According to her, other complications include pain during sexual intercourse and during menstrual period. She said victims also stand the risk of contracting HIV. She explained that if the patient has Type 3 mutilation, she would have to be cut open again, as she wouldn’t be able to get normal penetration during sexual intercourse.
But there seems to be some hope. At the summit in Ibadan, circumcisers agreed to stop the practice, which has been condemned as a violation of the rights of the girl child.
Practitioners of circumcision present at the event were from Oyo, Osun, Ekiti, Ondo and Ogun and Kwara States. They pledged to discontinue with female circumcision and stick to just male circumcision.
But it seemed not all the circumcisers, who are members of the Circumcision Descendants Association of Nigeria (CDAN), were in total agreement. Some of them admitted that the practice had no significant benefit to the child but stressed that the practice had long formed part of their business and source of livelihood. They said the trade was passed down to them by their forefathers.
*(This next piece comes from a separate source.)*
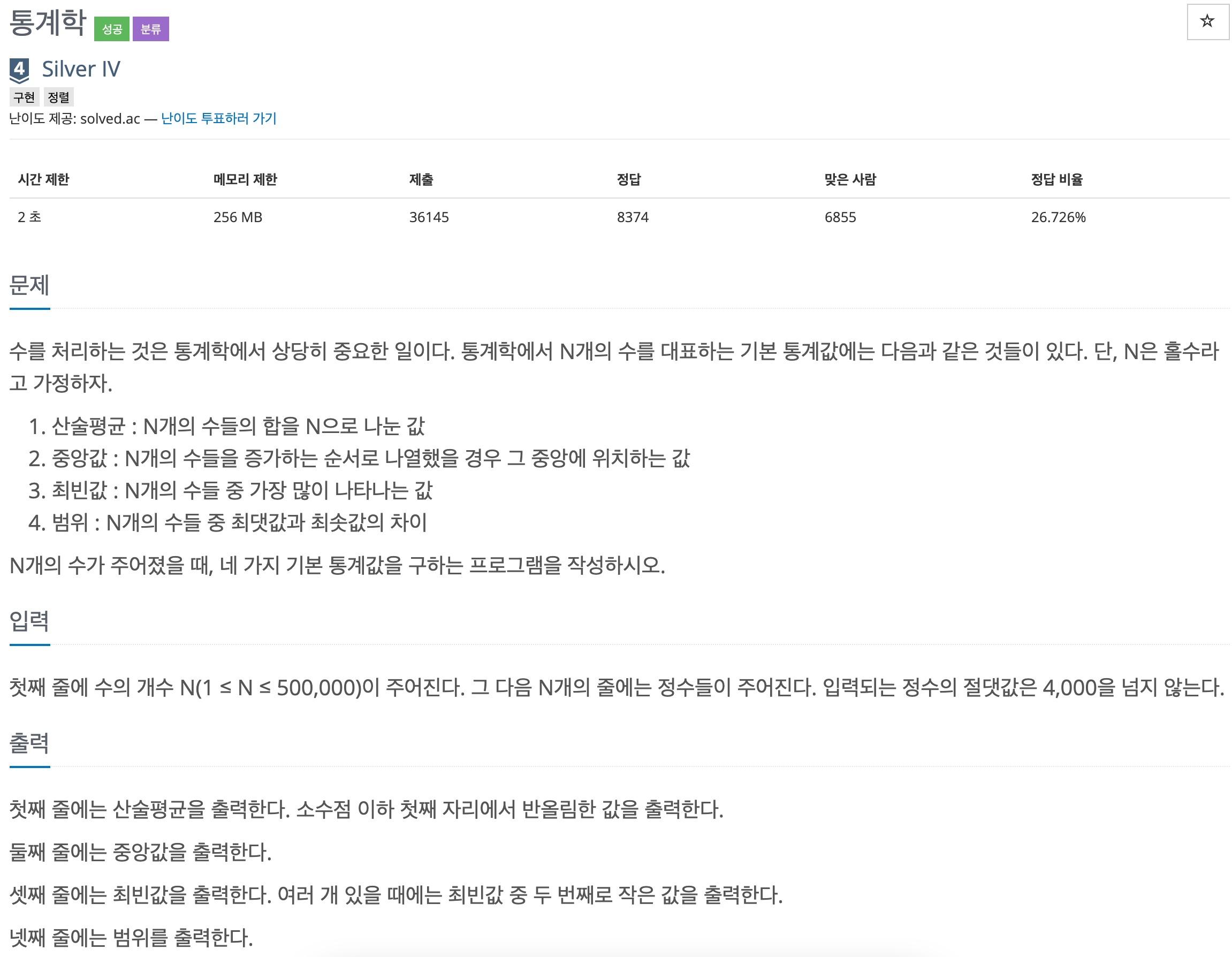 http://acmicpc.net/problem/2108

One of the practitioners wondered what alternative venture the government and campaigners had for them, as they could not afford to limit their business to male circumcision alone.
Stakeholders, including their coordinator, Chief Abiola Ogundokun, explained that there were proposals to support the circumcisers in other profitable businesses. Former President Olusegun Obasanjo, who was represented at the summit by Dr. Femi Majekodunmi, assured that the practitioners would never be let down for taking a decision to protect and empower the girl-child.
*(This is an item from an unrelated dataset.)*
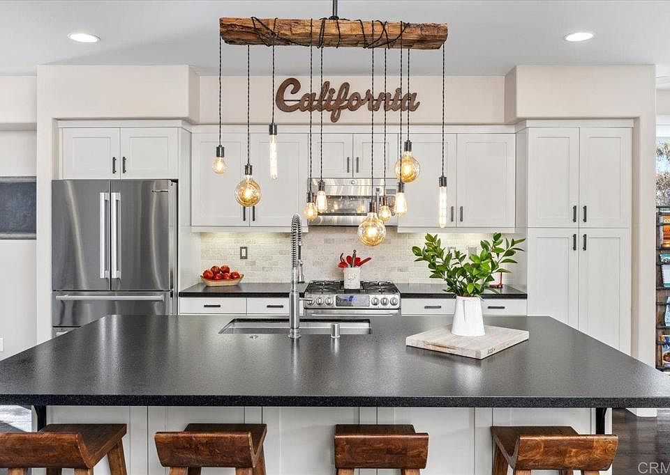 Live the Luxury Coastal Lifestyle in the Heart of Carlsbad Village! Welcome to your dream retreat on State Street, where modern sophistication meets laid-back coastal charm. With over 2,100 square feet of beautifully designed interior space and an expansive, private rooftop deck, this swanky coastal condo places you within steps of the lagoon, beach, boutique shops, and the vibrant dining scenes of both downtown Carlsbad and South Oceanside. Natural light floods every level of this three-story end unit, highlighting custom finishes, rich wood floors, high ceilings, and an effortless flow throughout. Enter through the private courtyard or your oversized two-car garage into a versatile first-floor flex space -perfect for a living area, guest suite, or home office. The second floor showcases the heart of the home with a stunning chef’s kitchen featuring a large island with leathered granite countertops, custom cabinetry, designer fixtures, and top-of-the-line stainless steel appliances. The open-concept dining and living areas are ideal for entertaining or relaxing, complemented by two balconies- one for morning coffee or evening BBQs and another charming French balcony right off the dining room. Upstairs, the third-floor hosts both bedrooms and laundry. The guest suite includes an ensuite bath, a walk-in closet, and its own French balcony. The primary suite is a serene sanctuary with west-facing windows framed by eucalyptus trees, a spacious walk-in closet plus two additional closets, and a spa-inspired bath with dual vanities and a spacious shower. Saving the best for the last…the final and fourth floor takes you to your private rooftop deck - the ultimate outdoor escape- offering panoramic ocean and city views, refreshing sea breezes, and unforgettable sunsets over the Village. Whether enjoying morning coffee, sunset dinners, or starlit gatherings, this is the space that will make you fall in love with coastal living for the first time or all over again. Additional features include dual A/C units, a whole-house water filtration system, EV charger, ample storage, custom window blinds, and ceiling fans throughout. Seagrove is just steps from the best that Carlsbad Village and South O have to offer -world-class dining, local boutiques, beaches, train station and coastal trails -this home blends luxury, convenience, and the irresistible energy of seaside living. Your coastal dream home awaits.

At a meeting with wives of governors from the South-West states held in Ibadan recently, wife of Oyo State governor, Mrs. Florence Ajimobi, lamented that Oyo ranked third among states in Nigeria with the highest prevalence of female genital mutilation, coming behind Osun and Ekiti and ahead of Ebonyi, Imo and Lagos states. She said her office was collaborating with other stakeholders to ensure the total stoppage of the practice.
Various stakeholders are also stepping up efforts to ensure the termination of the practice. Adaramoye explained that his organisation was fully involved in the campaign.
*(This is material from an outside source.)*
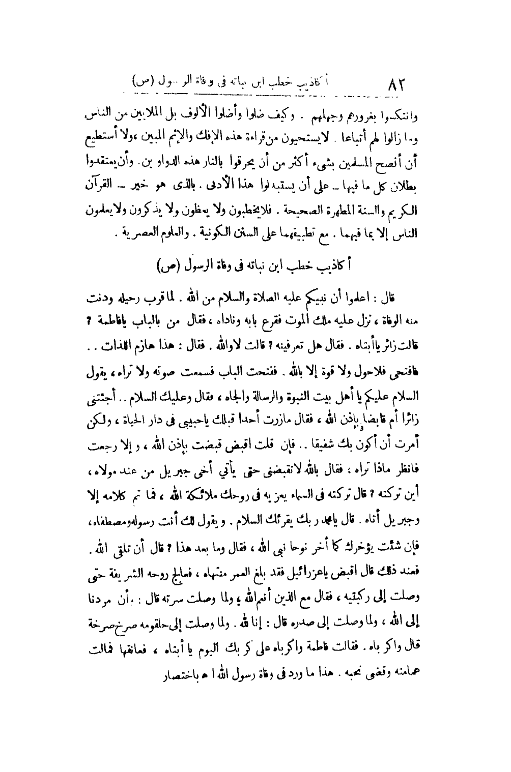 يَقُول الْمُؤلف مُحَمَّد بن أَحْمد مُحَمَّد عبد السَّلَام عَفا الله عَنهُ وَغفر لَهُ ورحمه قد قَالَ الله سُبْحَانَهُ فِي الْقُرْآن الْمجِيد فِي حق الشُّهَدَاء: {وَلَا تحسبن الَّذين قتلوا فِي سَبِيل الله أَمْوَاتًا بل أَحيَاء عِنْد رَبهم يرْزقُونَ فرحين بِمَا آتَاهُم الله من فَضله ويستبشرون بالذين لم يلْحقُوا بهم من خَلفهم أَلا خوف عَلَيْهِم وَلَا هم يَحْزَنُونَ} . فالشهداء أَحيَاء عِنْد رَبهم حَيَاة برزخية، لَا نعلم نَحن حَقِيقَتهَا، وَالله وَحده يعلمهَا وهم فَرِحُونَ بِمَا هم فِيهِ من النِّعْمَة، ويستبشرون بإخوانهم الَّذين يقتلُون بعدهمْ فِي سَبِيل الله، ويلحقون بهم وَأَنَّهُمْ جَمِيعًا لَا يخَافُونَ وَلَا يَحْزَنُونَ إِذا خَافَ وحزن النَّاس، اللَّهُمَّ ألحقنا بهم شُهَدَاء فِي سَبِيل إعلاء كلمتك، وَسنة نبيك آمين، فَإِذا كَانَ هَذَا فِيمَن اتبعُوا النَّبِي الْكَرِيم، فَكيف تكون كَرَامَة هَذَا الرَّسُول الْأَعْظَم سيد الْأَنْبِيَاء وَالْمُرْسلِينَ، وبل وَسيد ولد آدم أَجْمَعِينَ؟

He said: “In 2008, a global UNFPA/UNICEF joint programme on the abandonment of female genital mutilation/cutting was launched. The programme is currently being implemented in 17 countries. Nigeria joined the global programme in December 2013, but the actual implementation commenced in 2014 in Imo, Ebonyi, Osun, Ekiti, Oyo and Lagos states, with a joint Female Genital Mutilation/Cutting Situation Assessment. These states were chosen on the basis of high prevalence of female genital mutilation cases based on the Nigeria Demographic and Health Survey (NDHS) data in 2003, 2008 and 2013.
“According to the NDHS, the female genital mutilation prevalence rate in the South West is the highest in the country. Although little progress has been made from a prevalence rate of about 57 per cent in 2003 to 48 per cent in 2013, a lot still needs to be done. But the South-East has seen a steady increase in the practice, from 40 per cent in 2003 to 48 per cent in 2013,” he stated.
Adaramoye informed that the practice is based on myths and religion passed down for many generations. “Some communities believe that the clitoris contains powers strong enough to cause harm to a man’s reproductive organ or to damage or kill a baby during childbirth,” he said.
He stressed, however, that there were programmes dispelling these myths and putting the records straight.
He explained that programmes, campaigning against the practice are currently on social media and on radio in the six states where the prevalence of female genital mutilation is high. He also informed that many state governments are working towards implementing laws protecting the rights of women and the girl-child, especially laws on the abandonment of female genital mutilation.